Thus, in the function, adding a to the set is not displayed, but does this happen if not in the function?

No, this is not what is happening.

It happens that when you do mylist = mylist + [6] you actually create a completely new list and put it in the local variable mylist . This mylist variable will disappear after the function is executed, and the newly created list will also disappear.

OTOH, when you execute mylist.append(6) , you are not creating a new list. You get the list already in the mylist variable and add a new element to the same list. As a result, the list (which is indicated by the symbol list2 too) will be changed by itself. The mylist variable will disappear again, but in this case you have changed the original list.

Let's see if a more visual explanation helps you :)

What happens when you call proc()

When you write list1 = [1, 2, 3, 4, 5] , you create a new list object (on the right side of the equal sign) and create a new variable list1 that points to this object.

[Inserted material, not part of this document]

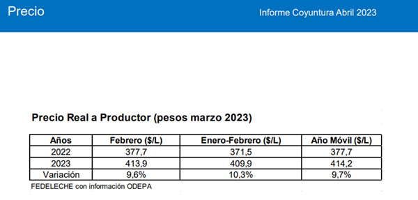 En el segundo mes de 2023, el precio a productor anotó un aumento promedio de un 9,6% respecto al mismo mes de 2022, escalando $36,20 por litro, al subir de $377,69 a $413,89 por litro.

Creating new list instance and global variable

Then, when you call proc() , you create a new new variable mylist , and since you pass list1 as a parameter, mylist will point to the same object:

Calling method creates local variable

However, the operation mylist + [6] creates a whole new list object, the contents of which are the contents of the object that mylist points mylist , plus the contents of the next list object, that is, [6] . Since you are binding this new object to mylist , our script changes a bit, and mylist no longer points to the same object that list1 points list1 :

mylist points to new list object

I did not say that mylist is a local variable: it will disappear after the proc() function ends. So, when the completion of proc() ended, mylist went away:

mylist is gone

Since no other variable points to the object generated by mylist + [6] , it will also disappear (since the garbage collector * will collect it):

Gc collects the list

Note that at the end, the object pointed to by list1 does not change.

What happens when you call proc2()

Everything changes when you call proc2() . At first it’s the same thing: you create a list ...

Creating new list instance and global variable

... and pass it as a parameter to the function that will generate the local variable:

Calling method creates local variable

However, instead of using the concatenation operator + , which generates a new list, you apply the append() method to the existing list. The append() method does not create a new object; instead, it changes the existing one:

Appending a value to a list

After the function finishes, the local variable will disappear, but the original object that it points to and list1 will already be changed:

It is still altered

Since it is still listed by list1 , the original list is not destroyed.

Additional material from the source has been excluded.